# SD 2400 reviews



## TG Lewis (Apr 24, 2006)

Hello All,
New to the forum (read alot but do not post alot). 

I have done a search and read the past reviews of the SD 2400, but most are 2004/2005 time frame. 

Looking for those who are still using the SD2400, how they are holding up, are there still issues of the collar not being "hot enough"??

Current collar is an old TT Sport and am bringing along a couple of new pups and will looking to upgrade to a collar with more stim. levels and incriments. 

Any opinions, good bad, indifferent would be helpful..

Thanks


----------



## Mike Bons (Apr 9, 2004)

I have been using mine for about 2 years now. I have had a couple of minor problems which I contacted SD about, and they sent me a new collar right away - no questions asked. I replaced the long antenna that comes on it with TT's micro antenna which fits well and I have not found the limit of its range yet. The first collar I had was not as "hot" as the second collar.


----------



## Howard N (Jan 3, 2003)

I use a SD2400 as my main training collar. The ones I bought weren't as hot as I'd like so I've traded them in with SportDogBoy for the hotter version. They still aren't particularly hot but hot enough for my dogs.

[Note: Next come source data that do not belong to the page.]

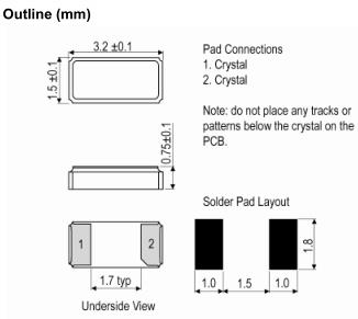| Ageing | ±3ppm max in 1st year @ 25°C ±3°C |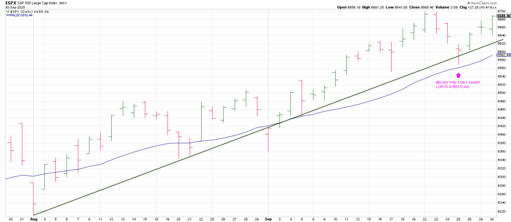 The 3 Day Chart circled low at 6559 on September 25 is the critical point to watch.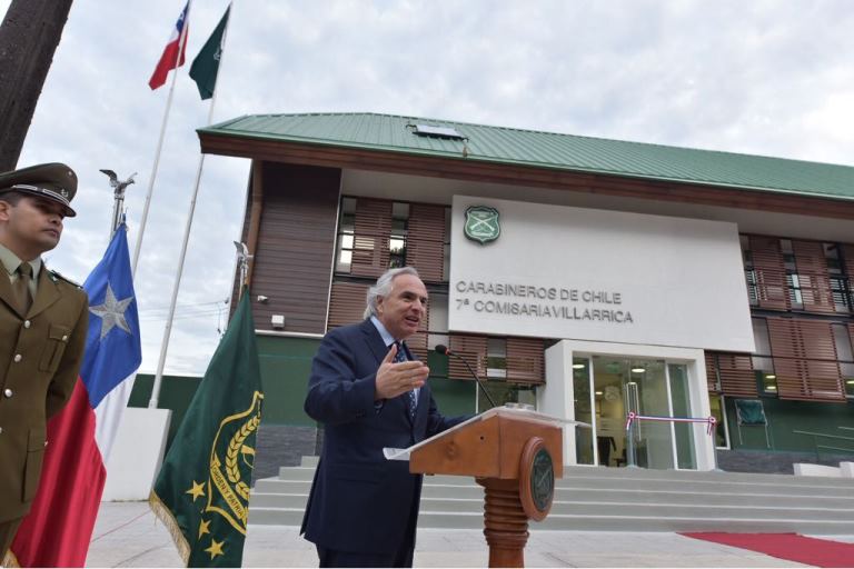 Luego, Chadwick se trasladó hasta la comuna de Villarrica a inaugurar la 7° Comisaría de Carabineros. Las obras del nuevo edificio se iniciaron en 2016, la que tuvo un costo superior a los 2 mil 700 millones de pesos. “Queremos que nuestras comisarías sean el corazón de la institución de Carabineros. Porque aquí está el lugar donde Carabineros está junto la gente cumpliendo su deber en la mejor forma: cercano a la gente, protegiendo a la gente”, señaló el ministro.

I've been using them for ~2 years now. They work and keep on working.


----------



## BLKLAB1 (Mar 21, 2004)

I use the 2400 and it works great a little large for hunting but it has worked great for 2 yrs. You will not be disapointed in your choice.


----------



## TG Lewis (Apr 24, 2006)

*Thanks for the reviews*

All,
Thanks for the comments,

BHE, sent you and email 
Thanks
Geoff


----------



## Terry Britton (Jul 3, 2003)

Mine is still going strong since 2004 (might be 2003).


----------